Looking Through the Windows at HPC OS Trends
January 30, 2017 Ben Cotton
High performance computing (HPC) is traditionally considered the domain of large, purpose built machines running some *nix operating system (predominantly Linux in recent years). Windows is given little, if any, consideration. Indeed, it has never accounted for even a full percent of the Top500 list. Some of this may be due to technical considerations: Linux can be custom built for optimum performance, including recompiling the kernel. It is also historically more amenable to headless administration, which is a critical factor when maintaining thousands of nodes.
But at some point does the “Windows isn’t for high-performance computing” narrative become self-fulfilling? Sites that place a machine in the Top500 are likely to continue using the same operating system on subsequent systems in order to take advantage of acquired skills and supporting infrastructure. The Top 500 list certainly provides insight into the current state and trends in the HPC field, but it does not tell the whole story. Unless the field of HPC is defined only in terms of the current Top 500 list, there must be more out there that we don’t normally see.
Microsoft has offered HPC solutions for years. Windows Compute Cluster Server (CCS) 2003 (so named because it is a derivative of Windows Server 2003, despite being released in 2006) brought a dedicated HPC offering to Microsoft’s lineup. It included MS-MPI – an implementation of the message passing interface protocol version 2 – which offered support for the high-performance interconnects of the time: Gigabit Ethernet, InfiniBand, and Myrinet.
After CCS 2003 came Windows HPC Server 2008 R2. Like CCS 2003, this was a derivative of the core Windows Server product. The “Magic Cube” system, running Windows HPC 2008, from Shangai Supercomputing Center made its Top500 debut at #11 in November 2008 and remained on the list through June 2015. So it’s clear that Microsoft had some success, even though we could not find specific adoption numbers for CCS 2003 or HPC Server 2008.
HPC Server gave way to HPC Pack, an addon that provides HPC functionality to Windows Server. This coincides with a shift toward a focus on “big compute”, which encompasses both traditional HPC as well as batch and desktop workloads. For example, the large spreadsheets that are pervasive in business areas.

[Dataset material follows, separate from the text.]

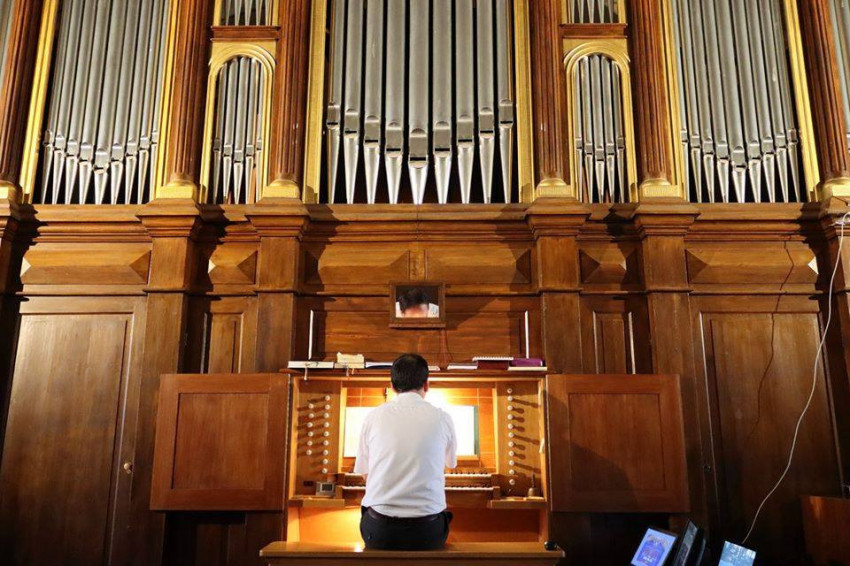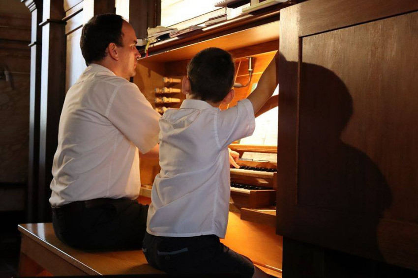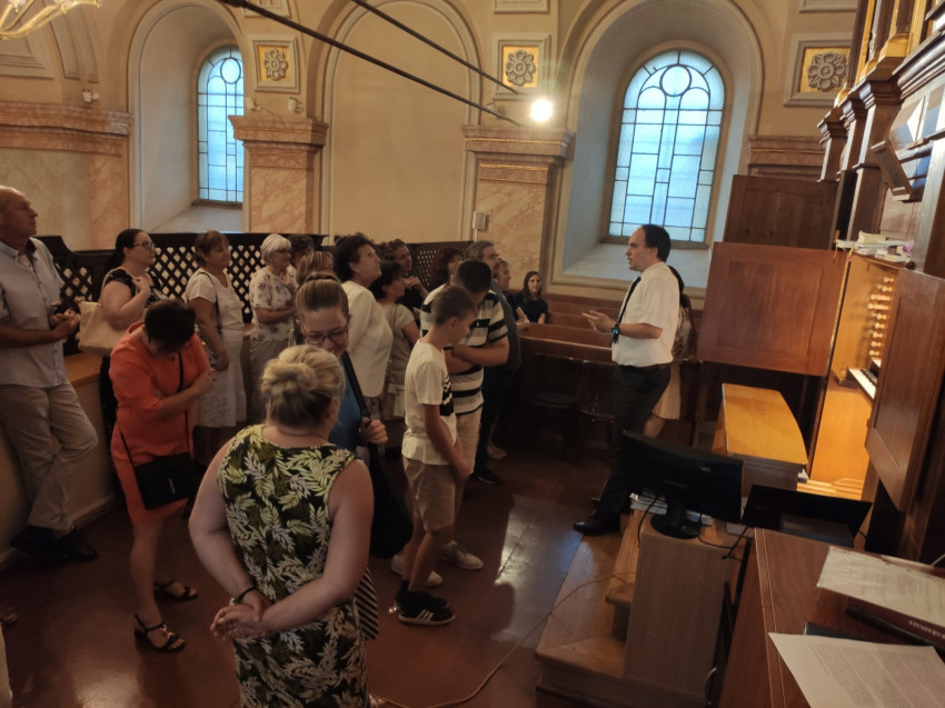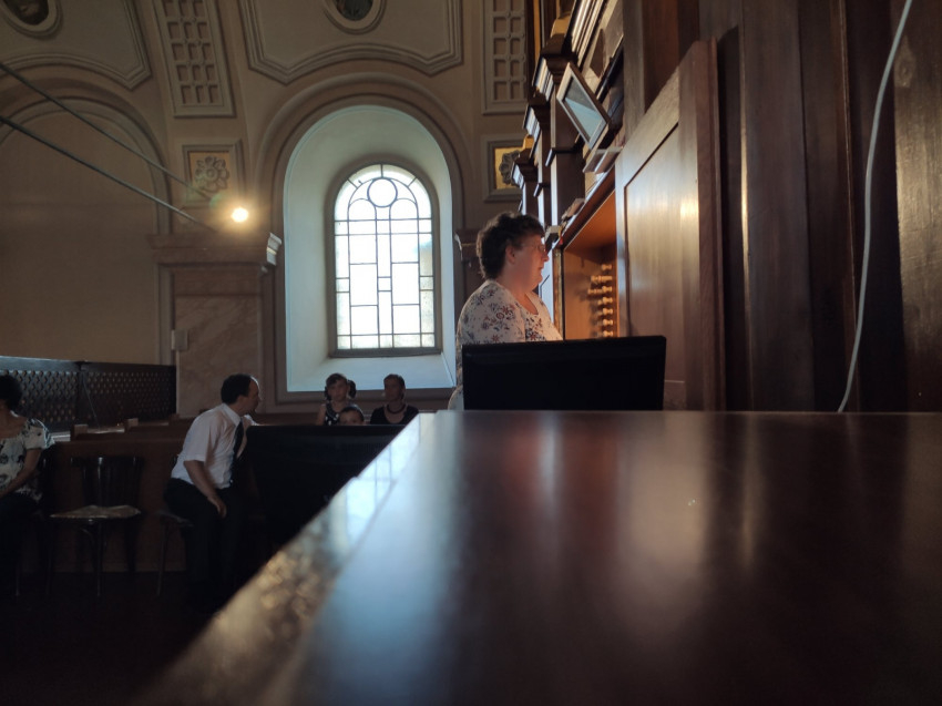A koncert után az érdeklődő közönségnek szemléltető, rögtönzött előadást tartott az orgonakarzaton, betekintést engedve az orgona működésébe és titkaiba.

While Linux rules in fields like computational fluid dynamics and genomics, Windows applications are still a significant part of financial services operations like insurance and hedge funds. These workloads may not be tightly-coupled traditional HPC applications, they still represent computing on a large scale. Given this, it may not be a surprise that Azure Batch arrived a year and a half before a similar offering from Amazon Web Services.
In the end, the problem is one of applications. Many of the applications used on traditional HPC systems began as Unix programs. It will take more than an “if you build it, they will come” approach. A presentation by Purdue University staff showed that while Windows represented nearly 20% of cores in the campus HTCondor pools, Windows jobs only accounted for half of a percent.
Without a compelling reason to move, Windows may have difficulty finding a toe hold on the Top 500 list. Nonetheless, computation still happens on the platform. Microsoft’s recent efforts to embrace the Docker ecosystem may shift the landscape as well. Docker may not be a good fit for MPI workloads, but with the ability to run either Linux or Windows containers, the flexibility of Windows may be very appealing to sites with heterogeneous batch computing needs. With Microsoft investing in InfiniBand interconnects on Azure and its Azure Batch service, it’s clear that Redmond still sees a place for its flagship operating system in the HPC world.